Youth programming, cultural spaces, mental health counseling, and communities having “opportunities to share their experiences” are needed, said Comrie.

Rabbi Mayer Waxman, Executive Director of the Queens Jewish Community Council, quoted Simon Wiesenthal: “We need partners. We cannot fight against the neo-Nazis alone. We need friends. We can win them by telling them their history, by talking about the others, the millions of people other than the Jews whom the Nazis killed. The Holocaust began with the Jews. But it did not end with the Jews.”

Waxman also quoted Wiesenthal, saying, “The schools would fail through their silence, the Church through its forgiveness, and the home through the denial and silence of the parents. The new generation has to hear what the older generation refuses to tell it.”

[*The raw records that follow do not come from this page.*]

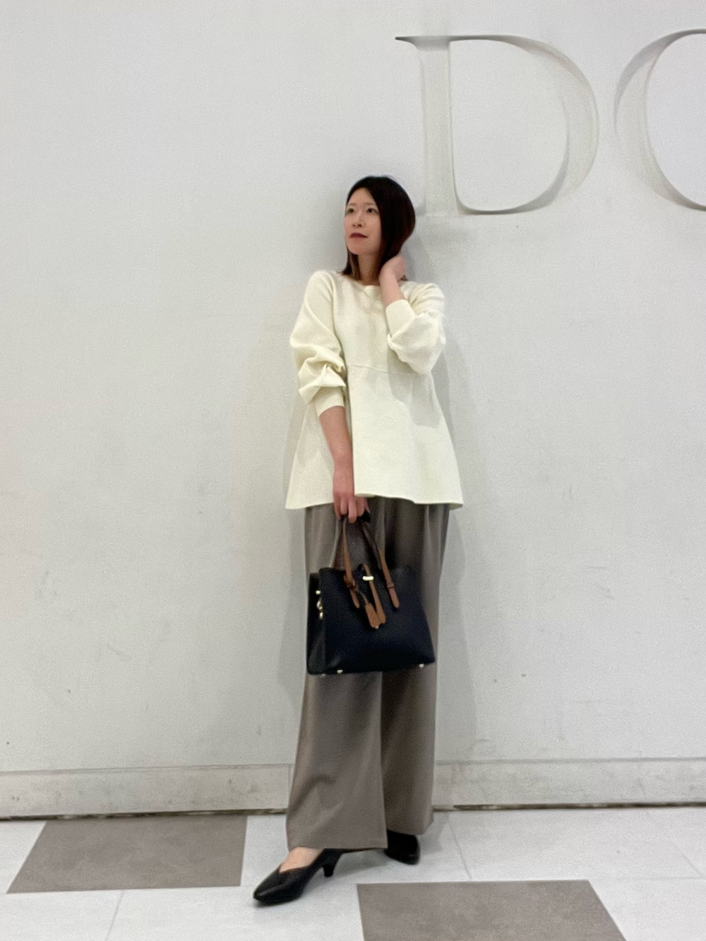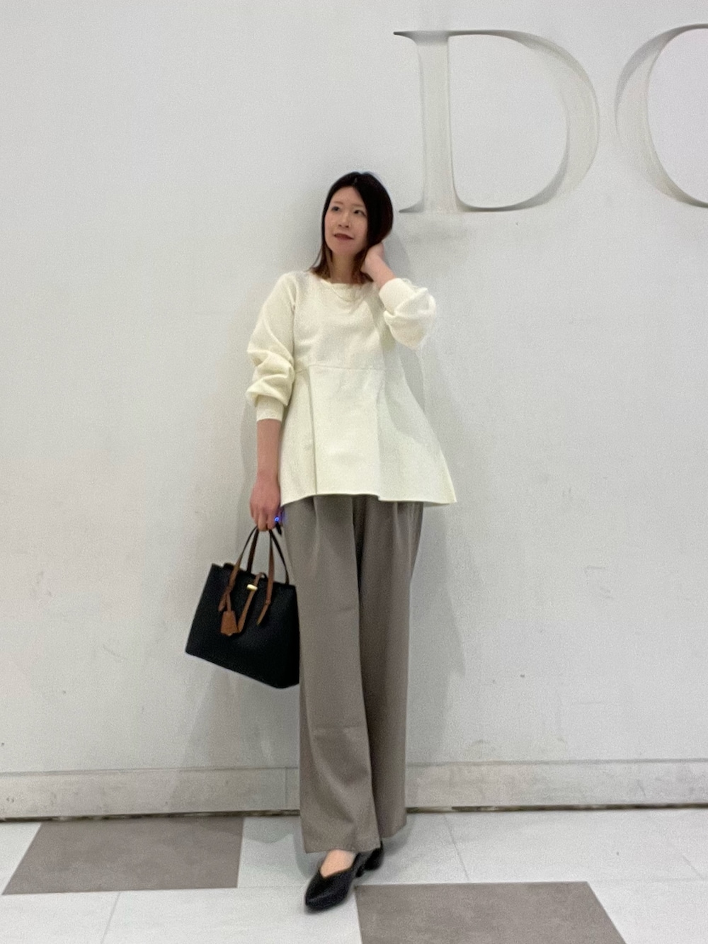 トップスはきれいめにもカジュアルにも着回しのできるペプラムニット🌸きれいめ合わせで着てみました!ウエストより高めに切り替えが入ってるので自然にスタイルアップが叶います🫶🏻柔らかな肌触りで着心地が良くオススメです◎
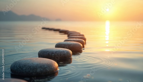Smooth stones make pathway in calm water. Sun sets over ocean horizon creating golden reflection. Peaceful journey forward. Represents progress and mindful steps.
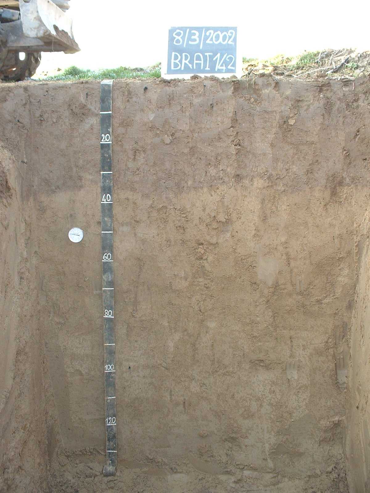Orizzonte C : 55 - 80 cm; umido; colore bruno giallastro chiaro (2,5Y 6/4); tipo colore ossidato; tessitura sabbioso franca; scheletro 7 % , di forma irregolare con diametro medio di 5 mm e diametro massimo di 20 mm, leggermente alterato; macropori 0,1-0,4 % con dimensioni medie 1-5 mm; radici 0/dmq, con dimensioni medie di mm , orientamento n.i.; radicabilità 40 % ; resistenza: incoerente; cementazione molto debole; non adesivo; non plastico; calcareo; limite inferiore netto.
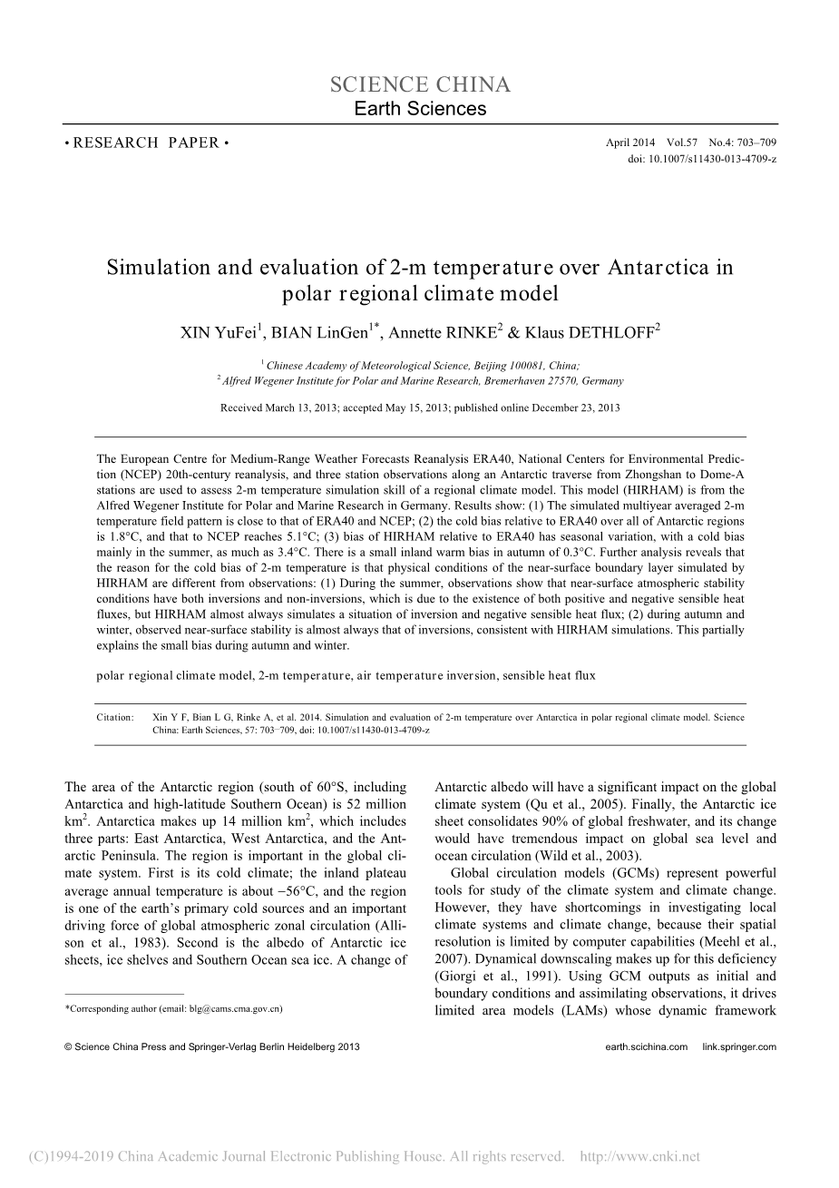 极地区域气候模式下南极上空2米温度的模拟与评价
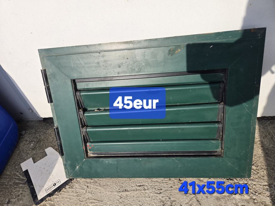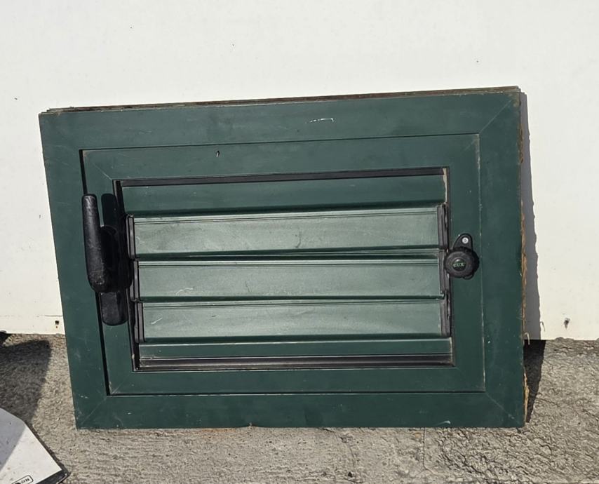 Prodajem rabljeni PVC prozor s roletom, zelene boje. Prozor je opremljen žaluzinama koje su integrirane u okvir te ima ručku i bravu za zatvaranje. Dimenzije su 41x55 cm.
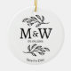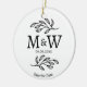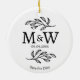 Ett par Monogram Bröllop spara datum botaniska Julgransprydnad Keramik
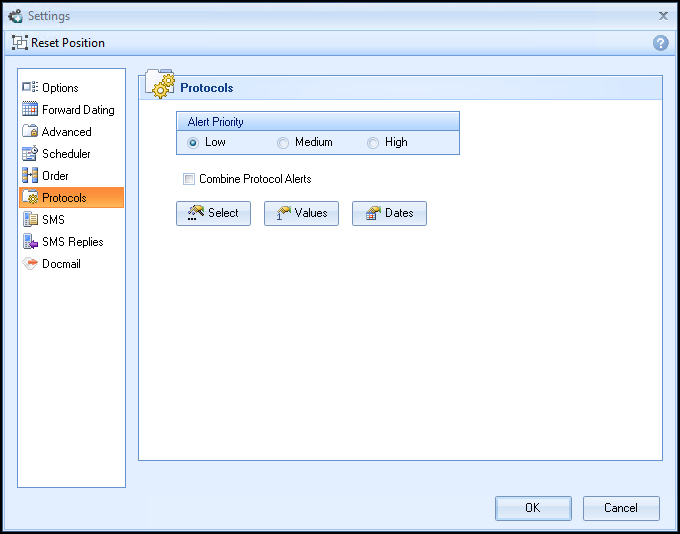 The Protocols Tab allows you to further customise the alert indicators by selecting whether to show high, medium or low priority indicators and whether or not you want to combine them.
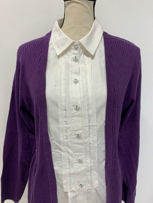 Foxcroft Womens 1X Purple Sweater Button Down Top Pleated Dress Shirt Rib Tunic
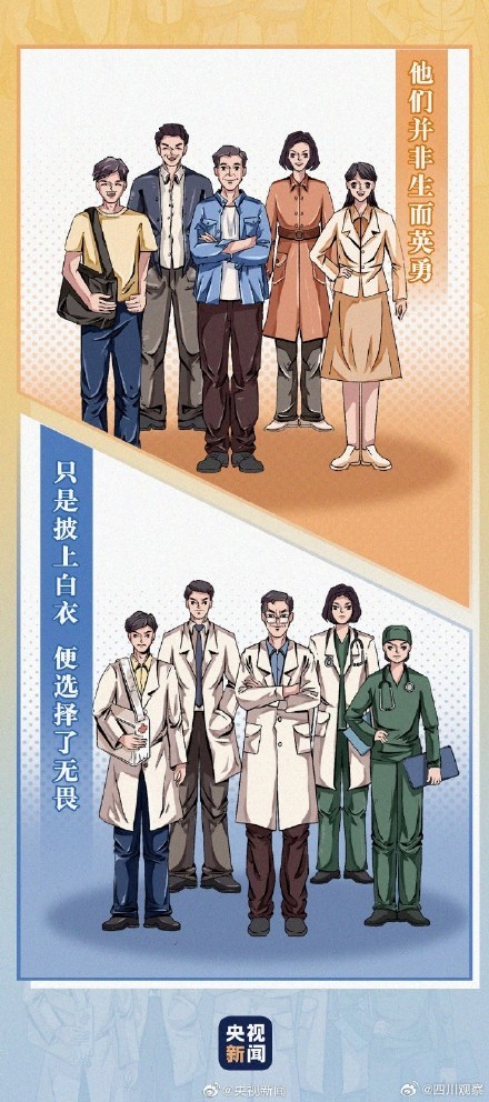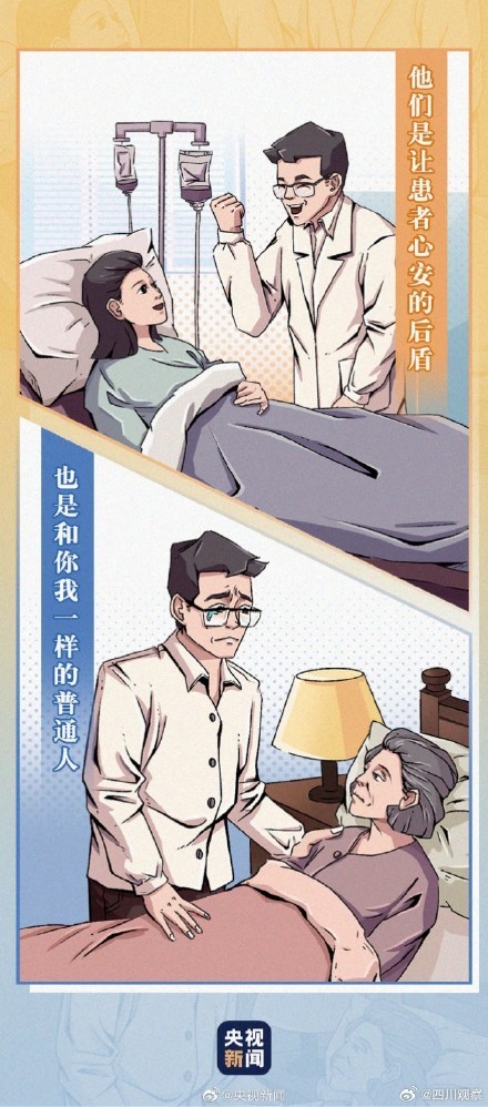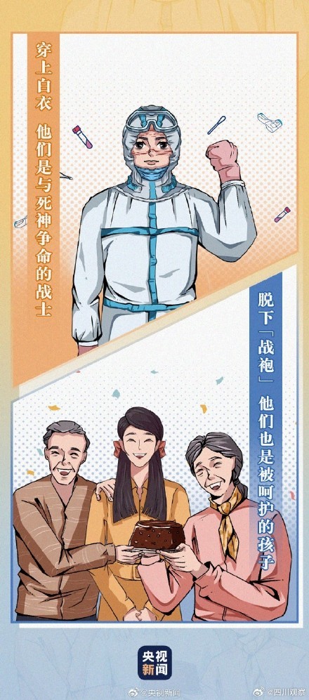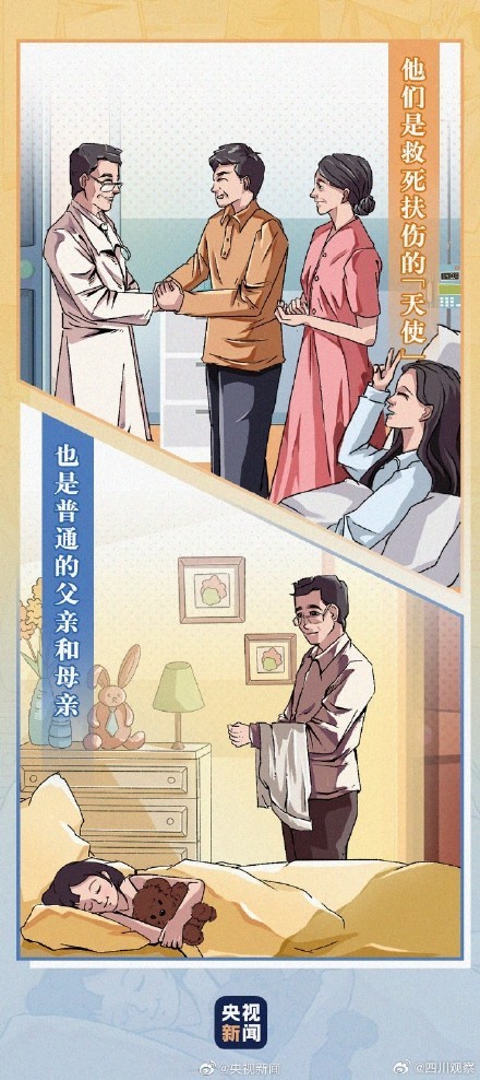 他們是救死扶傷的“天使”,也是父親和母親;他們是與死神爭分奪秒的戰士,也是被呵護的孩子。夢想拐了個彎當上了醫生他們并非生而英勇,只是選擇了無畏。 致敬醫者仁心! (圖源:央視新聞)

Waxman said this event was empowering, and educational. “It is about communities banding together, and it highlights the government support there is against hate – support from our legislators.”

Garth Marchant is an African American Lubavitch male who works at Rabbi Menachem Schneerson’s gravesite, “The Ohel.” He attended the forum, saying how many Lubavitchers walk and park in Cambria Heights to visit “The Ohel” but none have ever been attacked. It’s because of communication between the local community (and their elected officials) and the Lubavitch community, Marchant said.

The Simon Wiesenthal Center, the Queens Jewish Community Council, and many elected officials sponsored the event.